We focused on the prediction of effects of p.L292P, which is a highly conserved residue in multiple species (Figure 1c) and lies in the FERM-adjusted (FA) domain between amino acids 288 and 336 (Ensembl, ENSP00000298542), on the structure and function of FRMD7. The FRMD7 protein consists of an N-terminal FERM domain (2–282; ENSP00000298542), a FA domain, and a region with little identity to other proteins.[2] Among these regions, the FA domain is one in which mutations are densely concentrated.[2] Moreover, >20% of known mutations have been mapped to exon 9, encoding parts of the FERM and FA domains,[13] and several causative missense mutations have been identified around codon 292 (Figure 1c).[14-20] The effects of the mutations on protein function were assessed by various in silico prediction approaches following the Best Practice Guidelines of the Association for Clinical Genetic Science (http://www.acgs.uk.com/quality-committee/best-practice-guidelines/). The FRMD7 p.L292P mutant protein was predicted with high confidence to be ‘damaging’ by FATHMM v2.3 (score=–2.29; http://fathmm.biocompute.org.uk/), ‘disease causing’ by Mutation Taster (phastCons=4.574 and phyloP=0.998; http://www.mutationtaster.org/), ‘probably damaging’ by Polyphen2 (score=0.993, sensitivity=0.47 and specificity=0.96 in HumVar model; http://genetics.bwh.harvard.edu/pph2/), ‘damaging’ by SIFT (score=0.04; http://sift.jcvi.org/) and ‘pathological’ by Pmut (position-specific independent count score=0.8980; http://mmb2.pcb.ub.es:8080/PMut/). Analysis using Panther (http://www.pantherdb.org/tools/csnpScoreForm.jsp) suggested that the observed amino-acid substitution is functionally deleterious (substitution position-specific evolutionary conservation score=–7.03876). In addition, using the Phyre2 program (http://www.sbg.bio.ic.ac.uk/phyre2/html/page.cgi?id=index), we predicted the secondary structures of the wild- and mutant-type FRMD7 proteins. The change of amino acid in the mutant protein led to a loss of the secondary structure in the helix around the L292 residue (Supplementary Figure 1).
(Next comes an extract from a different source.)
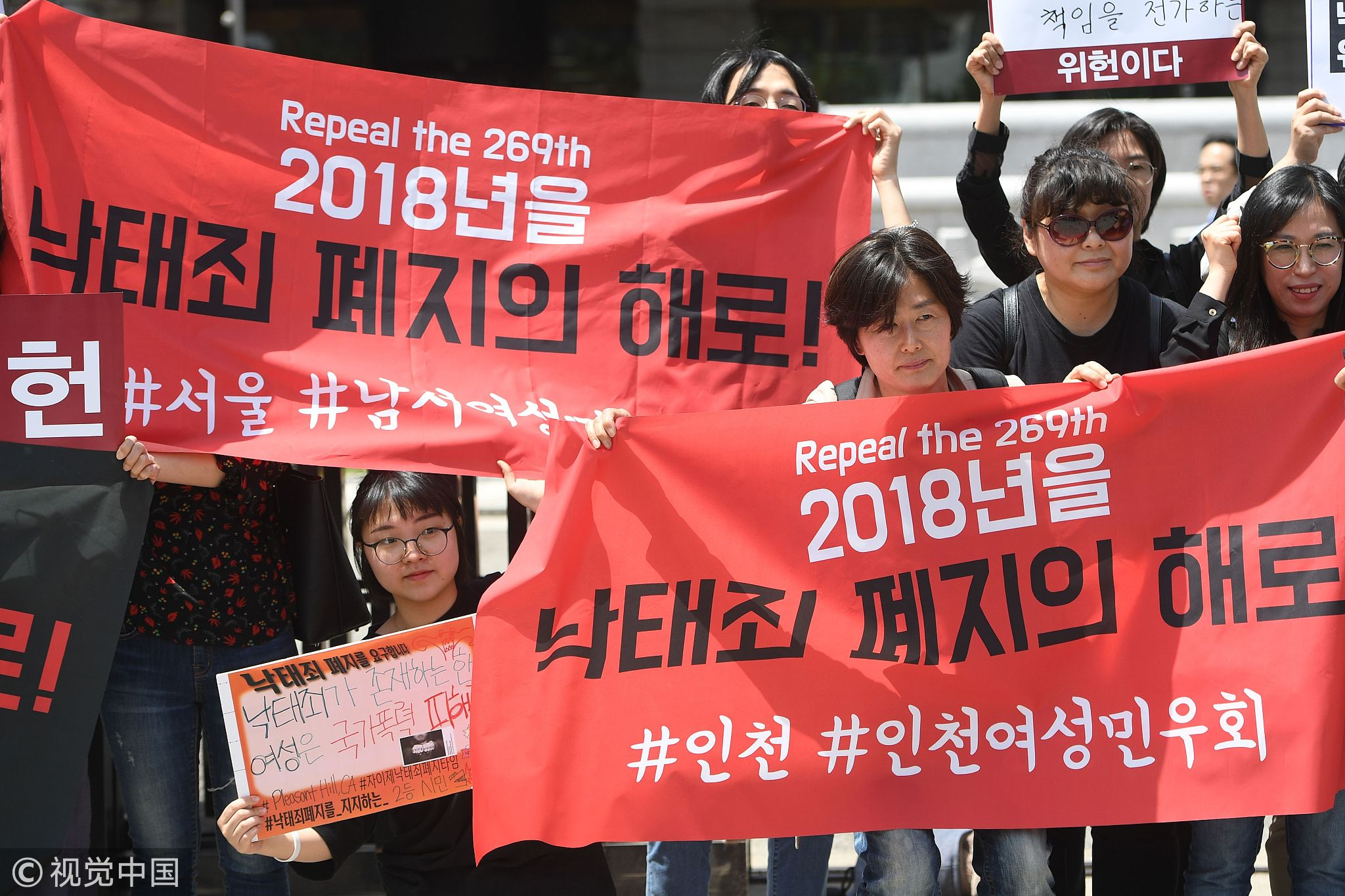 South Korean pro-choice supporters hold banners reading 'Decriminalize abortions' during a rally in front of the Constitutional Court in Seoul, May 24, 2018. /VCG Photo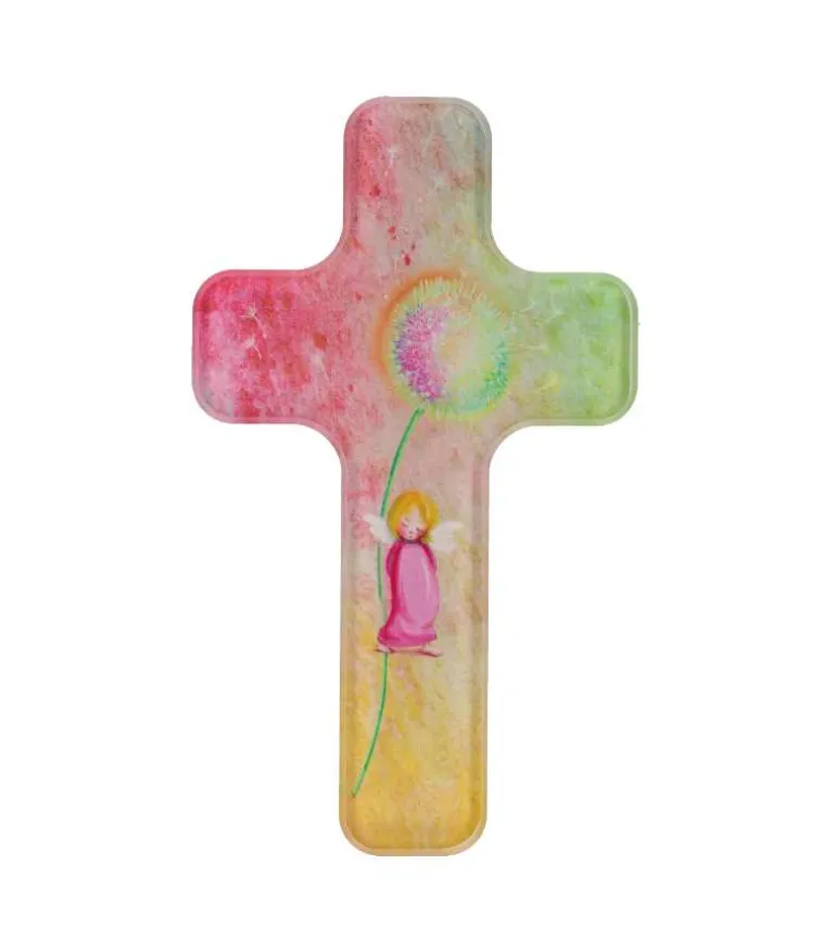Flot og farverig glas kors med symbol af en pige og mælkebøtte

Taking these lines of evidence together, p.L292P appears to exert a marked effect on FRMD7 protein functionality and to be a variant responsible for XLICN, rather than a benign polymorphism. Given that incomplete penetrance and variable expression of XLICN have been observed in females who carry mutations in the FRMD7,[2,20] it is not surprising that nine individuals (probably females) in heterozygous state were observed among 1,102 individuals analyzed in the Japanese genetic variation database (HGVD). Although the identified FRMD7 mutations are scattered over almost all exons and splice sites,[2] there are mutation-rich exons/regions, and these should be treated as the most important candidate regions when screening for mutations is performed. Predictive analyses of the structure and function of possible mutant proteins observed in candidate regions predict the consequences of mutations,[13,20] and provide meaningful improvement of clinical genetic diagnosis. Further functional and/or biochemical studies of FRMD7 mutations will shed light on the molecular mechanisms underlying the pathogenesis of XLICN, which are not yet fully understood.[2]